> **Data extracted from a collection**
◆ ◆ ◆ ◆
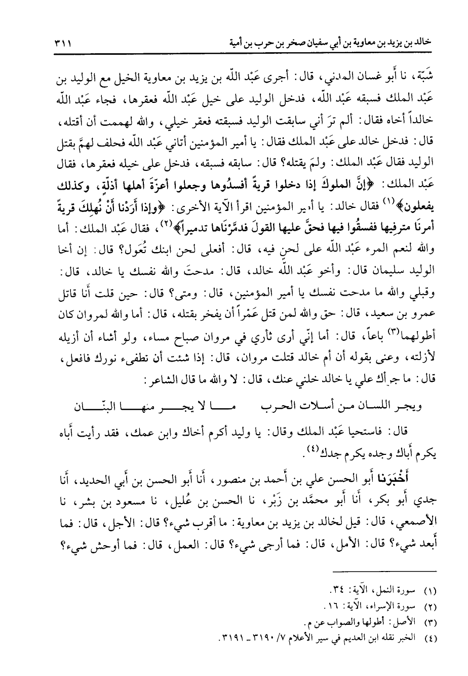 شبة أنا أبو غسان المدني قال أجرى عبد الله بن يزيد بن معاوية الخيل مع الوليد بن عبد الملك فسبقه عبد الله فدخل الوليد على خيل عبد الله فعقرها فجاء عبد الله خالدا أخاه فقال ألم تر أني سابقت الوليد فسبقته فعقر خيلي والله لهممت أن أقتله قال فدخل خالد على عبد الملك فقال يا أمير المؤمنين أتاني عبد الله فحلف لهم بقتل الوليد فقال عبد الملك ولم يقتله قال سابقه فسبقه فدخل على خيله فعقرها فقال عبد الملك " إن الملوك إذا دخلوا قرية أفسدوها وجعلوا أعزة أهلها أذلة وكذلك يفعلون " (1) فقال خالد يا أمير المؤمنين اقرأ الآية الأخرى " وإذا أردنا أن نهلك قرية أمرنا مترفيها ففسقوا فيها فحق عليها القول فدمرناها تدميرا " (2) فقال عبد الملك أما والله لنعم المرء عبد الله على لحن فيه قال أفعلى لحن ابنك تعول قال إن أخا الوليد سليمان قال وأخو عبد الله خالد قال مدحت والله نفسك يا خالد قال وقبلي والله ما مدحت نفسك يا أمير المؤمنين قال ومتى قال حين قلت أنا قاتل عمرو بن سعيد قال حق والله لمن قتل عمرا أن يفخر بقتله قال أما والله لمروان كان أطولهما (3) باعا قال أما إني أرى ثأري في مروان صباح مساء ولو أشاء أن أزيله لأزلته وعنى بقوله أن أم خالد قتلت مروان قال إذا شئت أن نطفئ نورك فافعل قال ما جرأك علي يا خالد خلني عنك قال لا والله ما قال الشاعر ويجر اللسان من أسلات الحرب * ما لا يجر منها البنان * قال فاستحيا عبد الملك وقال يا وليد أكرم أخاك وابن عمك فقد رأيت أباه يكرم أباك وجده يكرم جدك (4) أخبرنا أبو الحسن علي بن أحمد بن منصور أنا أبو الحسن بن أبي الحديد أنا جدي أبو بكر أنا أبو محمد بن زبر نا الحسن بن عليل نا مسعود بن بشر نا الأصمعي قال قيل لخالد بن يزيد بن معاوية ما أقرب شئ قال الأجل قال فما أبعد شئ قال الأمل قال فما أرجى شئ قال العمل قال فما أوحش شئ
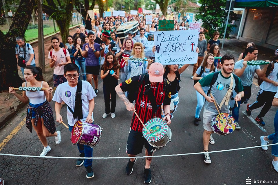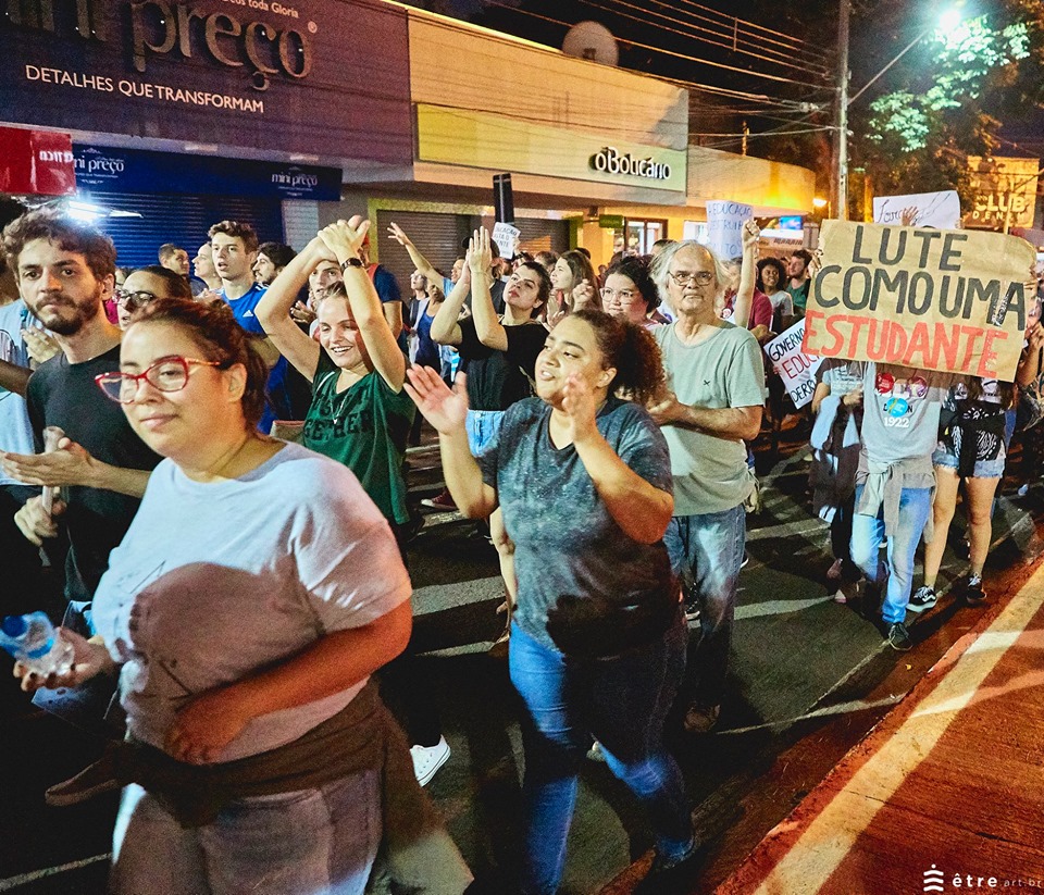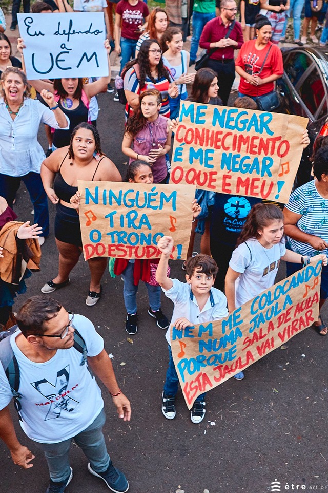 Em Maringá, era pouco mais de 17h30, o sol se despedia do dia 30 de maio de 2019, quando os estudantes ergueram as cartolinas, que se transformaram em instrumento de crítica misturado com muita criatividade, e começaram a percorrer ruas e avenidas da cidade. Segundo a Polícia Militar eram 1,5 mil, mas os organizadores estimam em 3,5 mil participantes.
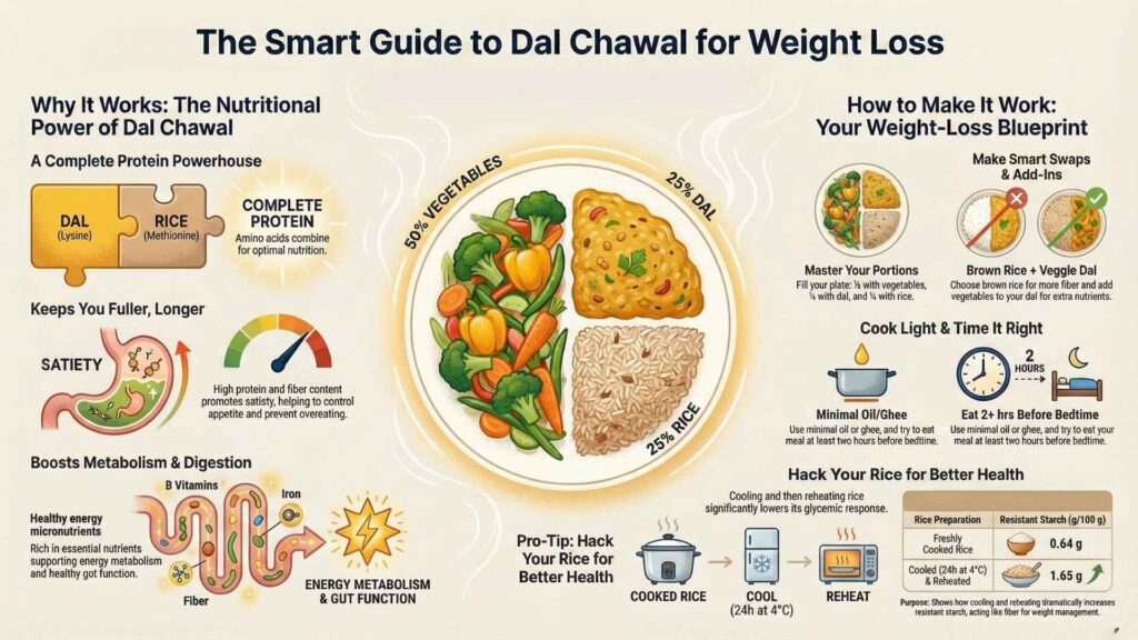To eat dal chawal for weight loss, follow the 2:1 rule (two parts dal to one part rice), use cooled rice to increase resistant starch, and always add a side of fiber-rich vegetables or salad.
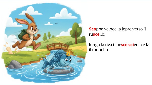 Scappa veloce la lepre verso il ruscello, lungo la riva il pesce scivola e fa il monello.
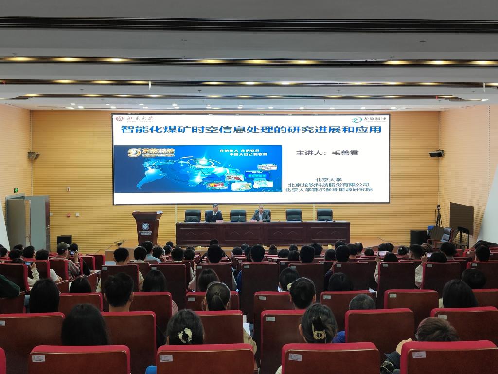 报告会上,毛善君教授强调了时空信息技术对煤矿智能化建设的重要性,针对煤矿智能化建设现状,结合北京大学和龙软科技团队在煤矿智能化建设中取得的丰硕成果,提出了“六化、六体、二模式、六链流”的高级智能化煤矿建设新模式,并以视频、图片等形式阐述了龙软智能管控产品体系在透明化地测保障、井下精确定位、“一张图”管控平台、智能化采掘、智能化通风、智能化洗选和大数据分析等方面的关键技术及应用情况。围绕“高科技煤炭”的建设目标——无氧开采,展望了未来煤炭开采可以像航空航天、高铁一样成为高科技象征的美好前景。毛善君教授鼓励同学们认真学习专业知识、掌握专业实践技能、提高软件开发能力,为智能化煤矿建设贡献自己的一份力量。
◆ ◆ ◆ ◆
> **ASSIGNMENT**
Both the line containing "Em Maringá, era" and the last line of the records above belong in the exact copy, along with every line between them; pictures do not.

> **SOLUTION FOR THIS TASK**
 Em Maringá, era pouco mais de 17h30, o sol se despedia do dia 30 de maio de 2019, quando os estudantes ergueram as cartolinas, que se transformaram em instrumento de crítica misturado com muita criatividade, e começaram a percorrer ruas e avenidas da cidade. Segundo a Polícia Militar eram 1,5 mil, mas os organizadores estimam em 3,5 mil participantes.
To eat dal chawal for weight loss, follow the 2:1 rule (two parts dal to one part rice), use cooled rice to increase resistant starch, and always add a side of fiber-rich vegetables or salad.
 Scappa veloce la lepre verso il ruscello, lungo la riva il pesce scivola e fa il monello.
 报告会上,毛善君教授强调了时空信息技术对煤矿智能化建设的重要性,针对煤矿智能化建设现状,结合北京大学和龙软科技团队在煤矿智能化建设中取得的丰硕成果,提出了“六化、六体、二模式、六链流”的高级智能化煤矿建设新模式,并以视频、图片等形式阐述了龙软智能管控产品体系在透明化地测保障、井下精确定位、“一张图”管控平台、智能化采掘、智能化通风、智能化洗选和大数据分析等方面的关键技术及应用情况。围绕“高科技煤炭”的建设目标——无氧开采,展望了未来煤炭开采可以像航空航天、高铁一样成为高科技象征的美好前景。毛善君教授鼓励同学们认真学习专业知识、掌握专业实践技能、提高软件开发能力,为智能化煤矿建设贡献自己的一份力量。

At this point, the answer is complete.